In general, R uses a consistent modelling framework. The model formula is always something like y ~ x1 + x2. This sort of notation is used in linear models, anova models, t-tests, logistic regression, Poisson regression, non-linear least squares, and random effects models.

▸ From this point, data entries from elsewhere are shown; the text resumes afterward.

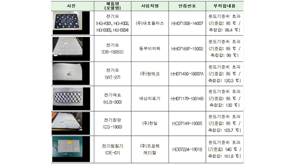 대상의료기 전기 매트의 내부온도가 130도까지 올라가 기준치인 95도보다 35도 더 높게 측정되는 등, 6개 매트가 기준치보다 온도가 더 높아 리콜 조치됐고, 2개 제품은 저온 화상 주의문구 누락 등으로 개선조치를 권고받았습니다.
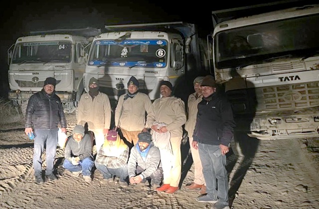जानकारी के मुताबिक संसारपुर टैरस थाना प्रभारी संजय शर्मा और माइनिंग अधिकारी अश्वनी कौंडल के नेतृत्व में टीम ने स्वां खड्ड में दबिश दी। उस समय खड्ड में अवैध खनन जोरों पर चल रहा था। पुलिस को देखते ही टिप्पर चालक वाहनों को लेकर पंजाब की ओर भागने लगे, लेकिन मुस्तैदी दिखाते हुए टीम ने घेराबंदी कर चारों टिप्परों को पकड़ लिया और उनके चालान काटे।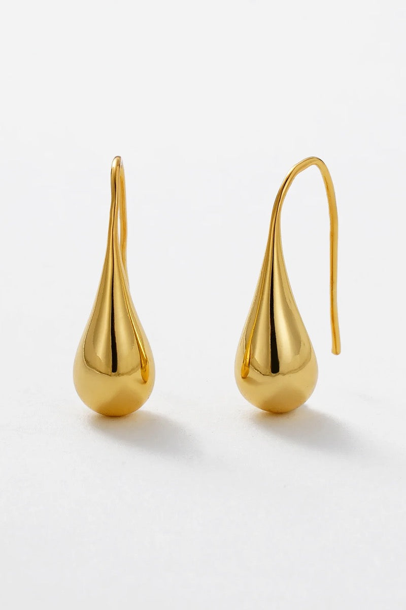 Sleek and sculptural, the Nova Earring features a fluid teardrop silhouette with a polished gold finish. Effortlessly elegant, this design makes a modern statement while remaining lightweight and comfortable for all-day wear. Perfect for elevating everyday outfits or adding a sophisticated touch to evening looks.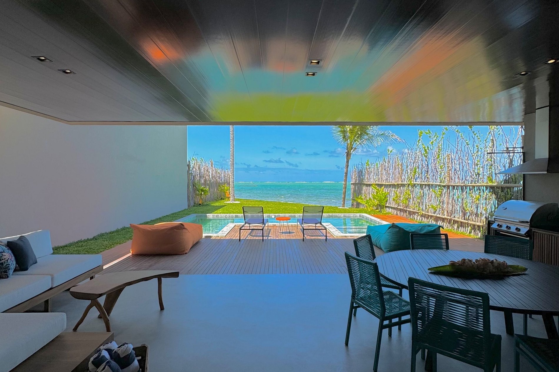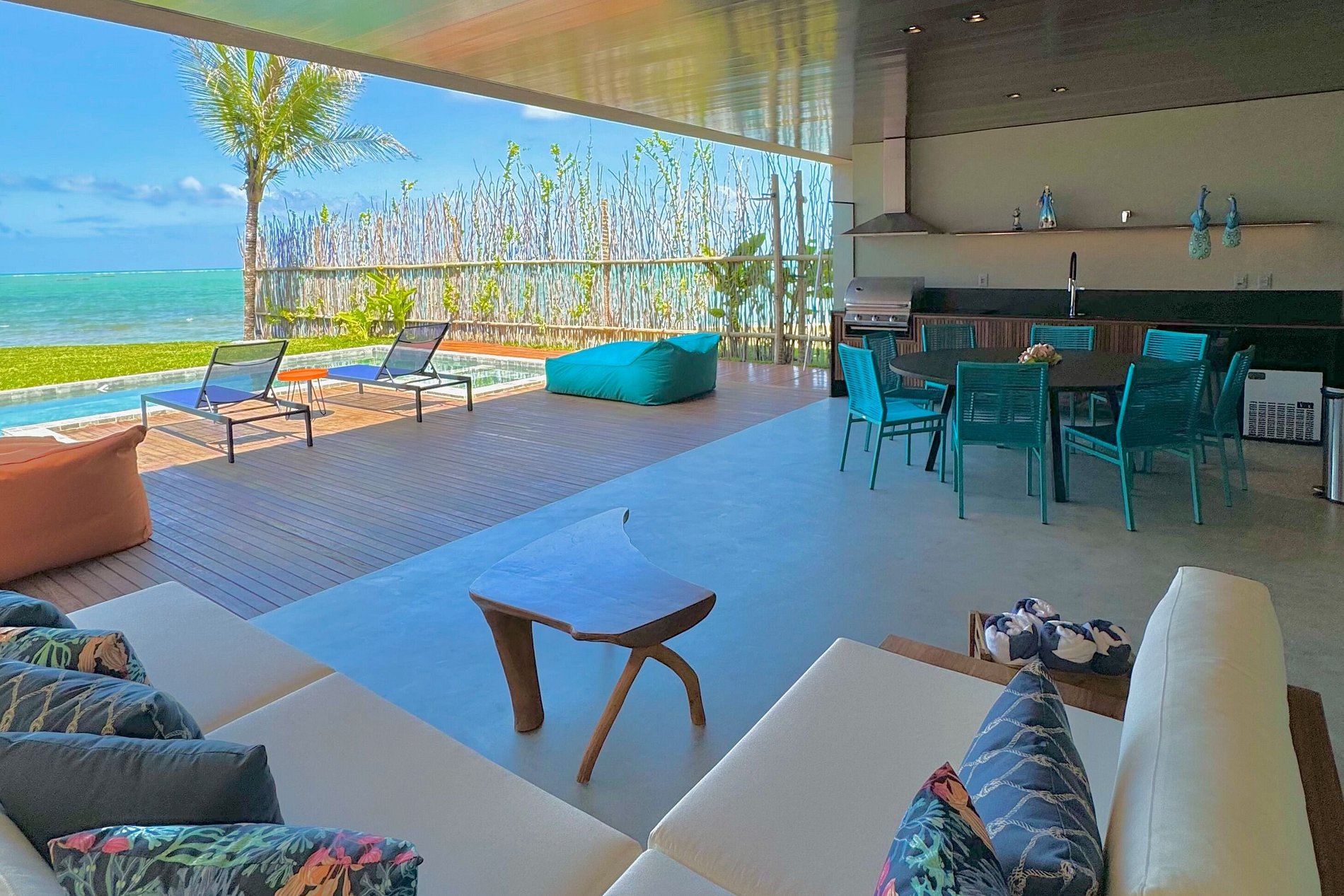 Destaque exclusivo da casa: o rooftop com uma vista panorâmica de tirar o fôlego para o mar de Milagres. Uma experiência única e o cenário perfeito para contemplar um pôr do sol inesquecível.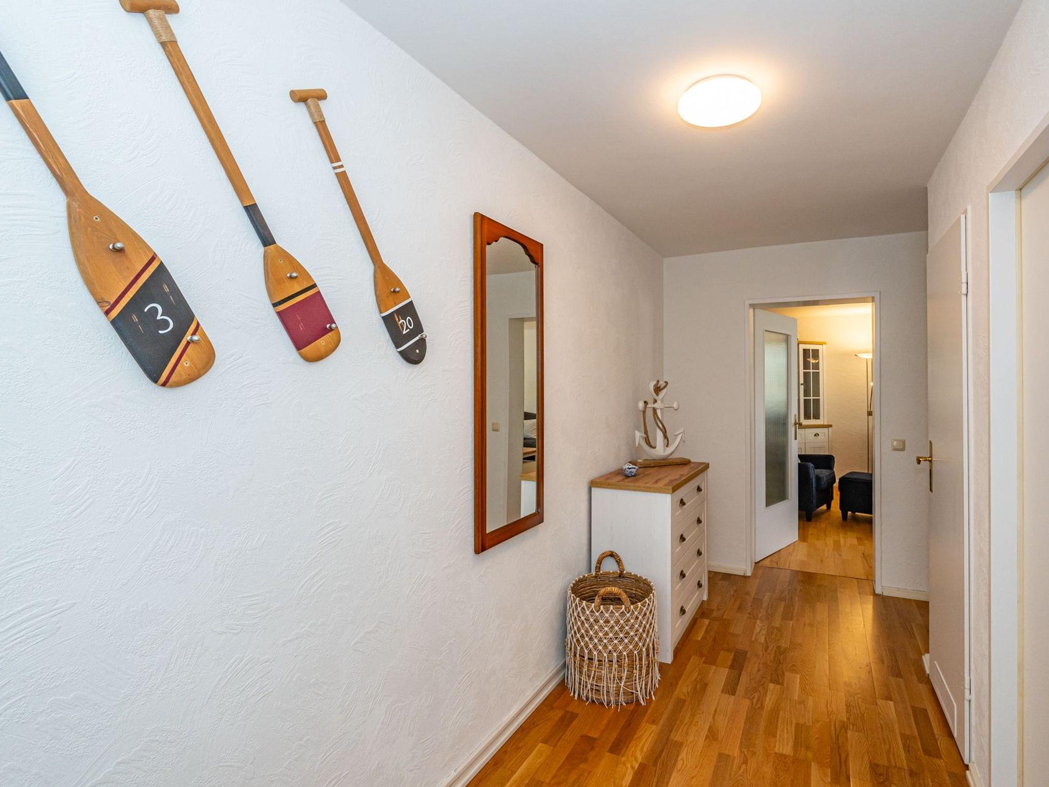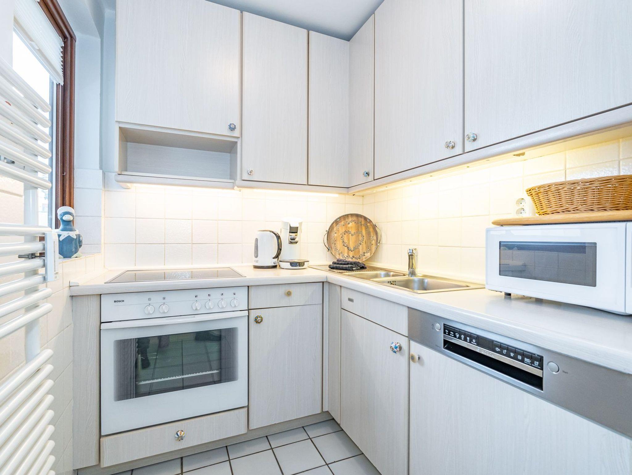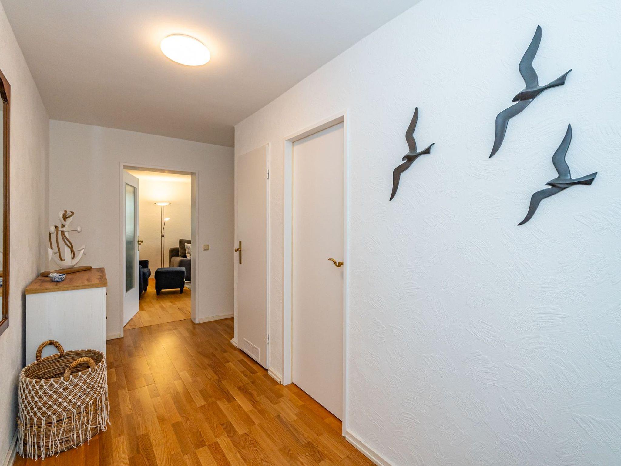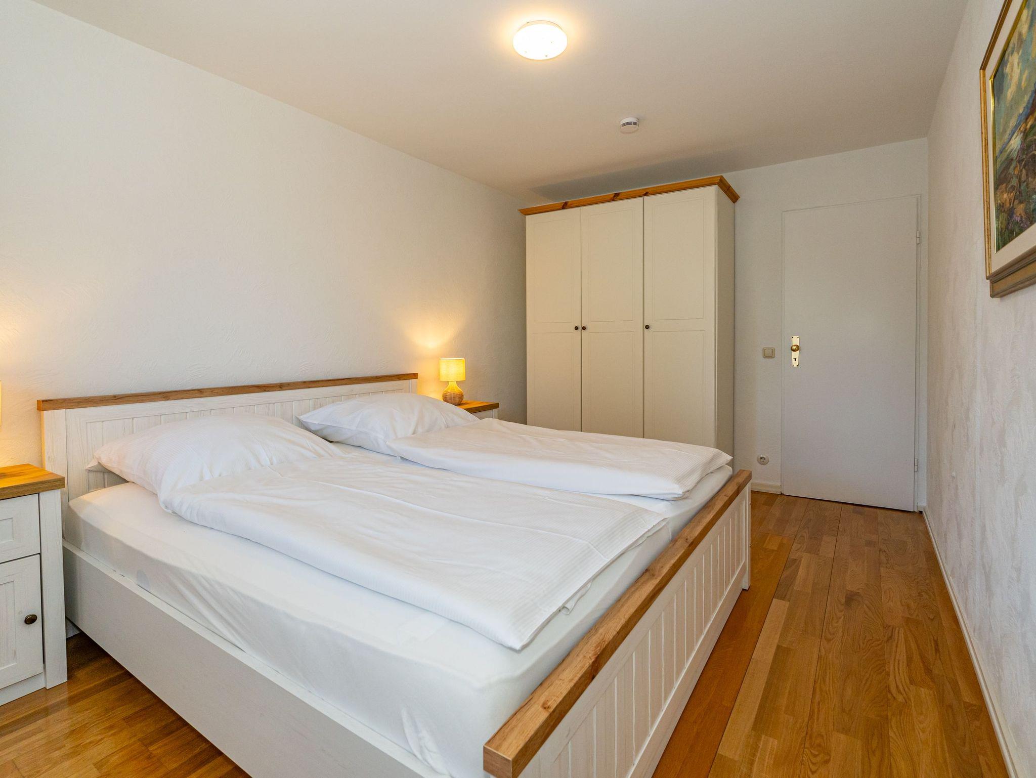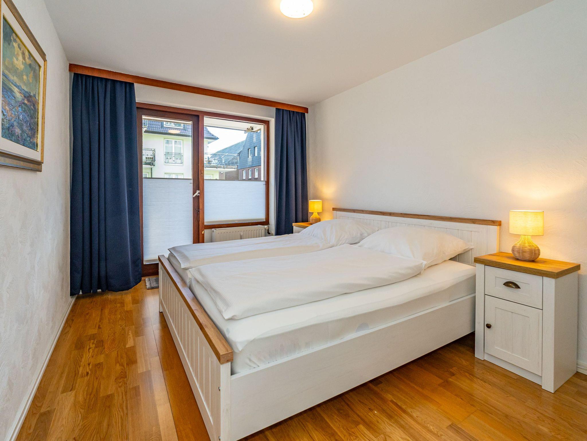 Komfortable Ferienwohnung, ca. 56 qm im Hochparterre zur Landseite mit Ostloggia (Morgensonne, mit Balkonmöbeln und Auflagen) für max. 3 Personen. Von der großzügigen Diele aus gelangt man in das Wohnzimmer, das Schlafzimmer und das neuwertige Duschbad/WC. Der Wohnraum besteht aus einer Sitzgarnitur (3-Sitzer-Schlafcouch, Liegefläche ca. 1,40 x 2,00 m, einem bequemen Ohrensessel mit Fußhocker), einem Essplatz direkt am Fenster, Kabel-TV, Stereoanlage mit Radio, WLAN und Zugang zur Ostloggia. Die Einbauküche mit Fenster ist mit Cerankochfeld (4 Felder), Geschirrspüler, Backofen, Mikrowelle, Kühlschrank mit Gefrierfach und Senseo-Kaffeemaschine ausgestattet. Eine Filterkaffeemaschine, Wasserkocher und Toaster gehören zur Grundausstattung. Das separate Schlafzimmer hat ein Doppelbett (1,80 x 2,00 m, mit guten Einzelmatratzen), 2 Nachttische und einen Kleiderschrank mit Zugang zum zweiten Balkon. Im Bad befinden sich eine großzügige Dusche mit extraflachem Einstieg, ein Waschtisch, Handtuchtrockner, Fön, Kosmetikspiegel und WC. An Extras stehen ein Bügelbrett und Bügeleisen zur Verfügung.

In the workshops, I talked a little bit about modelling strategies. I’m not going to describe them here, but understand that there are some quirks, especially with categorical (factor) variables.

# Modelling ----
# ALWAYS PLOT YOUR DATA FIRST
ggplot(mtcars, aes(x = disp, y = mpg)) +
    geom_point() + 
    geom_smooth(method = "lm")

# fit a simple linear regression
mpg1 <- lm(mpg ~ disp, data = mtcars)
summary(mpg1) # summary gives you more information

# base R plotting functions
# without the "which" argument, it tries to plot
# four plots at once.
plot(mpg1, which = 1)
plot(mpg1, which = 2)
plot(mpg1, which = 3)
plot(mpg1, which = 5)

# Should we add am to the model?
ggplot(mtcars, aes(x = disp, y = mpg, 
                   colour = factor(am))) + 
    geom_point() + 
    geom_smooth(method = "lm")

# The plot looked good, so let's try it
mpg2 <- lm(mpg ~ disp + am, data = mtcars)
summary(mpg2) # not significant???
# The way we added am to the model, it only changes the intercept
# to change the slope as well (as in the ggplot above),
# we need to make it an interaction

# The colon multiplies two variables
mpg3 <- lm(mpg ~ disp + am + disp:am,
           data = mtcars)
# The star multiplies the variables and keeps the individual terms
# am*disp is the same as am+disp+am:disp
mpg3 <- lm(mpg ~ disp * am, data = mtcars)
summary(mpg3)

# Try adding the car's weight
mpg4 <- lm(mpg ~ disp*am + wt, data = mtcars)
summary(mpg4) # now disp isn't significant?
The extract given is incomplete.